Compliance levels in the trucking industry improving, authorities say

NSW Police and RMS believe their safety message is getting through to the trucking industry.


With this year’s Operation Austrans nearing the halfway mark, New South Wales authorities have brandished a bouquet to the industry rather than a brickbat.

At the end of the second week, the NSW Police assistant commissioner John Hartley pointed to compliance improvements following an action at a cold-storage distribution centre in western Sydney in which 89 trucks and trailers were inspected.

While Austrans commentary often focuses solely on contraventions, Roads and Maritime Services (RMS) director of safety and compliance Peter Wells has echoed Hartley’s thoughts, saying the results were "cautiously welcomed".

"There are good initial signs of improved levels of compliance," Wells says.

"Some issues were identified around loading and roadworthiness, but the general level of compliance showed our message is getting through and responsible off-road parties in the logistic cold-storage sector have got the message; they have lifted their game and are more focused on their own compliance levels."

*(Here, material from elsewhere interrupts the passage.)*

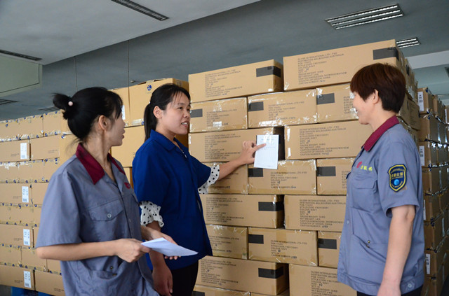 圖為服裝車間計(jì)劃管理員陳燕紅(中)在與質(zhì)量部質(zhì)檢人員一起,對接即將發(fā)出的出口產(chǎn)品。

One major and nine minor defects were applied to 10 trucks for 36 issues affecting body chassis, ancillary equipment, wheels and tyres, steering, oil and fuel leaks, suspension, and other matters.

Officers also conducted 33 breath and drug tests on drivers, with no positive results.

Ten engine control module downloads were also conducted, with one truck defected as the module could not give a proper reading.

In addition, officers also directed three outbound loads to return to the dock for correction.

"Given the importance and the frequency of cold storage and distribution, which goes all throughout NSW, correct load management is critical on our roads," Hartley says.

"The challenge for industry is making sure those trucks and drivers that either drop off or collect goods are compliant and able to carry out that task."

It was not all positive, though, with an operation on Thursday confirming the need for load restraint vigilance.

Officers identified a truck carrying a shipping container at Botany with 24 tonnes of coiled steel cable that was found to be unrestrained.

At Linden, officers conducted an engine control module download on a truck. It was allegedly found to have a maximum speed of 159.1km/h and carrying a load that was found to be over dimension.

During this time, officers also intercepted a truck driven by a 36-year-old female driver, who was allegedly found not to be carrying a work diary, had committed a critical fatigue offence, returned a positive result to a drug test, and was found to be in possession of drugs and associated paraphernalia.

"We continue to be very clear with our message to boardroom directors, distribution-centre managers, and all sectors of the logistics supply chain – parties that forward or receive goods must take charge of their responsibilities and ensure trucks are safely loaded and properly restrained," Wells says.

"This is critical for the safety of your own staff and anyone using our roads.

"Fatigued drivers, speeding and drug use must be eliminated to minimise the risks to other road users."